Need support regarding online compilation for NPU

I have visited the discussion on difference-between-online-compilation-and-offline-compilation and would like to thank @joying.kuo for the wonderful explanation.
Recently I have been trying to run the whisper small model on the MediaTek Genio 510 NPU.

Since I was unaware of the online compilation, I had to separate my whisper small model to encoder and decoder. Just so I could have the encoder (DLA) running on the NPU. But since I have read about this interesting alternative approach of online compilation, I would prefer to give it a try. I plan on running the entire TFLite model rather than separating it to encoder - decoder format and analyse their performance to take informed decisions.

As of now I have full TFLite. Which I have generated without the help of mtk_converter. I was looking for guidance on using the online compilation to run the entire model on NPU with CPU fallbacks for unsupported operation. I am currently not able to come up with a code to help me utilize the online compilation.

Previously I have tried using neuron_stable_delegate in TFLite runtime, but it throws missing symbol error. I am not sure if it is the right way.

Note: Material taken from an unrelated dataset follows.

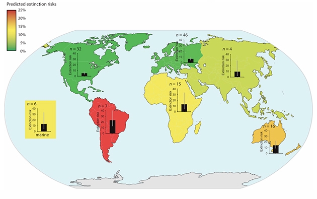 Στο άλλο άκρο της λίστας επικινδυνότητας είναι η Νότια Αμερική, η οποία ενδέχεται να χάσει το 23% των βιολογικών ειδών της. Στην Αυστραλία και Νέα Ζηλανδία ενδέχεται να χαθεί έως και το 14% των ειδών.

I would be sincerely grateful for your guidance on this issue. A coding example with any model will be really helpful as I am struggling with implementation part.

Hi @Murali_M_G!

Thanks a lot for trying Whisper on the Genio 510 NPU and sharing your experience.

At the moment we actually don’t have internal deployment experience of Whisper on the 510 yet, so your case is very valuable to us. Could you help share the exact error messages/logs you are seeing (for example from neuron_stable_delegate or other attempts)? That will help us better understand what is going wrong.

If possible, you can also send your .tflite model to my email: joying.kuo@mediatek.com. We can analyze it in more detail and see what’s feasible on the NPU and where CPU fallback would be needed.

Additionally, starting from Yocto v25.1, ONNX Runtime will be supported. The current v25.1-dev images already include this feature. You may try deploying Whisper via ONNX Runtime on that image and see if it works better for your use case.

Thanks again for your effort on this, and we look forward to your feedback and logs.

Hi @Joying.kuo,

Thanks for taking your time for helping me out.

I have built my image (rity-demo-image) using Yocto v25.0 scarthgap

For online compilation I have converted the entire whisper small model to TFLite without the using neuro pilot SDK (Mtk_Converter).

In my inference code, I have set the interpreter to use libneuron_stable_delegate.so as the delegate. But I am bit sceptical about my approach. Please correct me if I am on the wrong path. As my goal here is to achieve online compilation.

The below is the code where I am loading the delegate

os.environ["TFLITE_ENABLE_XNNPACK"] = "0"
# Load MediaTek Neuron Delegate
delegate_path = "/usr/lib/libneuron_stable_delegate.so"   
try:
    neuron_delegate = [
        tf.lite.experimental.load_delegate(delegate_path)
    ]
    print("✔ Neuron stable delegate loaded successfully.")
except Exception as e:
    print(" Failed to load Neuron delegate, falling back to CPU:", e)
    neuron_delegate = []  # Fallback to CPU

On execution, my code runs into the following error.

Just jotting down some of the issues I ran into for your reference during offline compilation.

  • Whisper small encoder can be made NPU compatible with few modifications.

  • Main challenges arise when working with decoder as the decoder expects dynamic tensors. So, conversion was impossible.

So, in a hope that offloading at least few of the supported decoder operations to the NPU can improve efficiency. Also wanted to know, if I switch to MediaTek Genio 520 will it be able to support dynamic tensors.

Your support on this matter will be greatly appreciated.